Rabu, 30 November 2016

PERSETUJUAN RENVILLE



Dengan adanya resolusi yang diadakan pada tanggal 31 Juli 1947, pada tanggal 25 Agustus 1947 Dewan keamanan PBB juga membentuk komisi konsuler yang bertugas mengawasi pengawasan geneatan senjata. Anggotanya juga terdiri dari konsul-konsul asing yang berada di Jakarta. Lalu dibentuk juga komisi jasa yang baik karena komisi jasa yang baik itu berasal dari tiga Negara menyelesaikan sengketa antara Belanda dengan Indonesia. Lalu diadakan juga perjanjian diatas kapal perang Amerika Serikat yang bertabuh dipelabuhan Tanjung Priuk, Jakarta.
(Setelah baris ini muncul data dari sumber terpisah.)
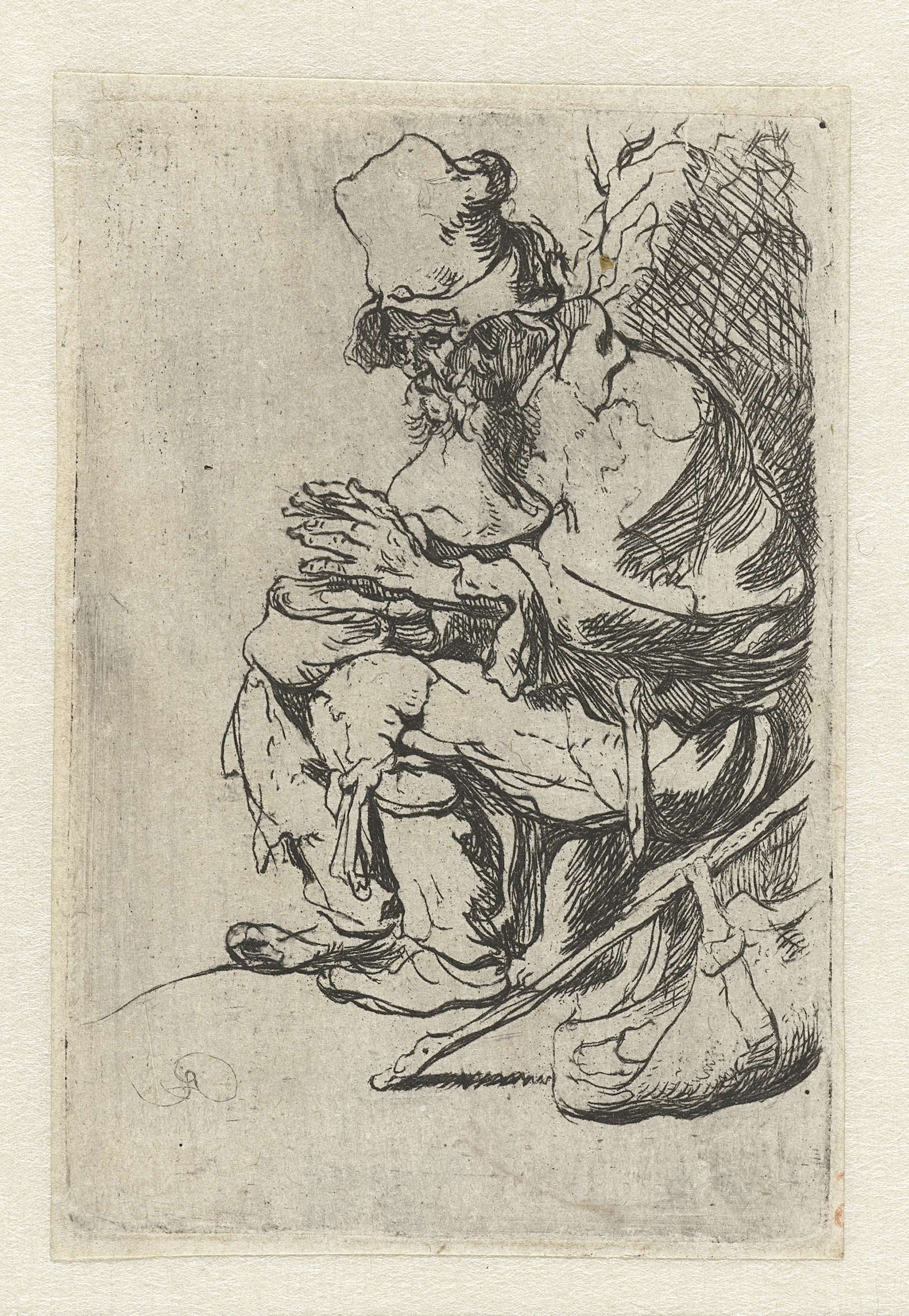 Beggar seated warming his hands at a chafing dish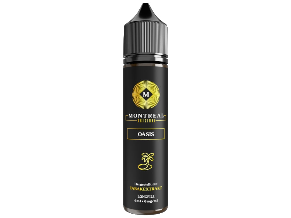 Sie erhalten eine Flasche mit 6 ml Montreal Original "Oasis" Longfill-Aroma in einer 60 ml Braunglas-Flasche.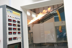 工研院量测中心主任段家瑞表示,太阳光电测试实验室提供太阳能模块的防火测试,主要是为了确保太阳光电模块对外部火焰具备足够的抗燃性,整套检测系统,能容纳2.6公尺x2.2公尺大的太阳光电模块,整体系统可耐燃至摄氏1,200度,透过模拟火源、以及风洞产生的风力变化,测试出火焰长度与温度对于太阳光电模块的影响程度,并全程以监控系统进行录像记录,以确认太阳能板材料的耐燃性。而为了因应太阳光电模块可能受到房屋结构与屋顶角度不同而有差异,还特别设计电控调整功能,依据不同环境设定,让太阳光电模块的倾斜角度可从0度到30度加以调整。
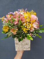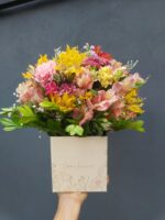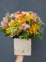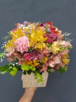 - Arranjo elaborado com astromélias (variedades disponíveis: amarela, branca, rosada, champanhe, vermelha, entre outras)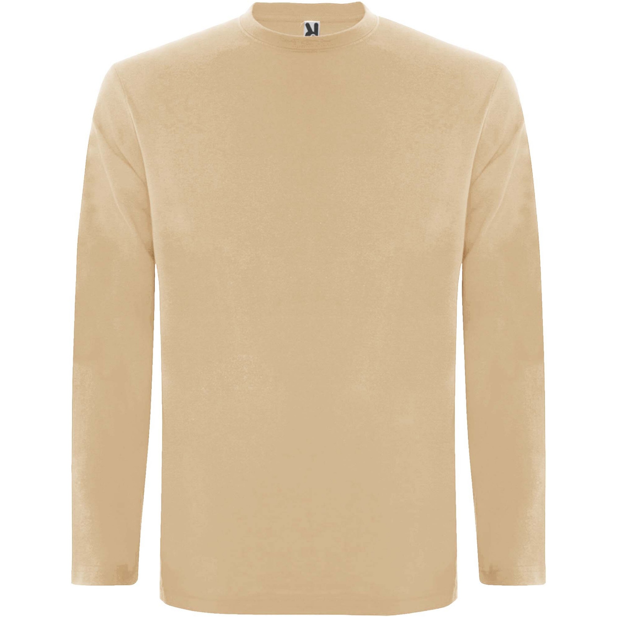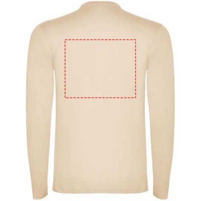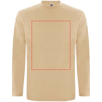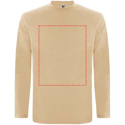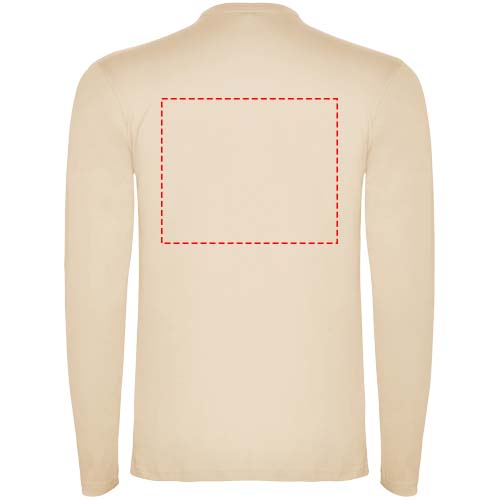 Tubstickad långärmad T-shirt med 4-lagers rundhals. Förstärkta dolda sömmar i krage och axlar. Inga muddar. Borttagbar etikett. Tubstickad design i vuxenstorlekar och sidsömmar i barnstorlekar. Modellen är 185 cm och bär storlek L.

Dinamakannya perjanjian Renville dikarenakan nama kapal tersebut adalah USS Renville. Dari dasar pertimbagan mengadakan perjanjian diatas kapal Renville adalah karena pihak Indonesia menolak unuk berunding diwilayah-wilyah yang dikuasai oleh Belanda. Dari pihak Belandanya juga menolak untuk mengadakan perundingan-perundingan diwilayah yang dikuasai oleh Republik Indonesia. Dalam perundingan tersebut, dari pihak Indonesia diwakili oleh perdana menteri Amir Syarifuddin sedangkan dari pihak Belanda diwakili oleh Raden Abdulkadir Widjoyoatmodjo, orang Indonesia yang membelot dan pro Belanda. Dalam perundingan Republik Indonesia terpaksa harus mengakui pendudukan Belanda didaerah-daerah yang direbut dalam agresi meliter I. Penarikan pasukan ini berakibat buruk pada kehidupan ekonomi dan pertahanan bangsa Indonesia. Wilayah RI yang semakin sempit harus menampung jumlah penduduk yang banyak. Hal ini berarti makin menambah beban bagi pemerintah yang kondisi ekonominya sudah semakin parah.
Hasil dari perjanjian Renville ini ternyata tidak diterima oleh Komite Nasional Indonesia Pusat(KNIP). Bahkan partai sosialis,partai ini berkuasa pimpinan dari Amir Syarifuddin juga menolak perjanjian tersebut. Rakyat juga menganggapnya bahwa Amir Syarifuddin terlalu memberikan konsensi kepada Belanda dan sangat merugikan Republik Indonesia. Akibatnya Kabinet Amir Syarifuddin jatuh lalu digantikan oleh Kabinet Hatta.